WORKING DATA:

▼

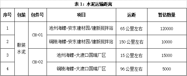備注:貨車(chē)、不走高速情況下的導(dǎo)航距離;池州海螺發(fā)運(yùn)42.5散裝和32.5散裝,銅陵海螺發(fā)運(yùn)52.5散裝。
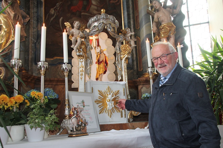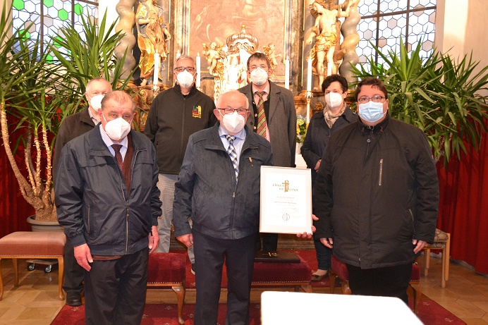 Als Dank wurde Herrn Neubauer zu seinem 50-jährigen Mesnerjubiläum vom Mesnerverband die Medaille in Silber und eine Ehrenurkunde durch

▲
▼

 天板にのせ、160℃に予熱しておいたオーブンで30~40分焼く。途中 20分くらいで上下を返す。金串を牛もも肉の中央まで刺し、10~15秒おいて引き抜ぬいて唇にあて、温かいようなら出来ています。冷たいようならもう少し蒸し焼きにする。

▲
▼

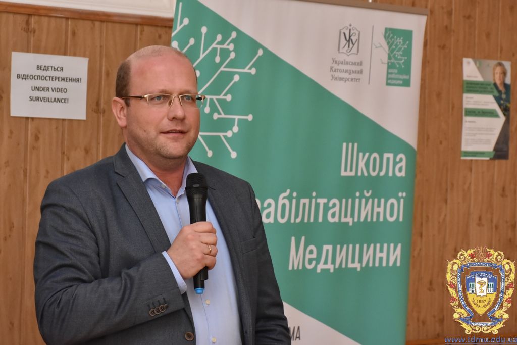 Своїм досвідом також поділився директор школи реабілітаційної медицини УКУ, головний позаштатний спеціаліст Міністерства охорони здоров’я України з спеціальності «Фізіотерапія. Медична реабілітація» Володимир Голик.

▲

WORK REQUEST: Within the listing above, the lines from the one with "備注:貨車(chē)、不走高" through the one with "Als Dank wurde" are to be given again word for word. Do not include pictures.

PROBLEM SOLUTION:
備注:貨車(chē)、不走高速情況下的導(dǎo)航距離;池州海螺發(fā)運(yùn)42.5散裝和32.5散裝,銅陵海螺發(fā)運(yùn)52.5散裝。
 Als Dank wurde Herrn Neubauer zu seinem 50-jährigen Mesnerjubiläum vom Mesnerverband die Medaille in Silber und eine Ehrenurkunde durch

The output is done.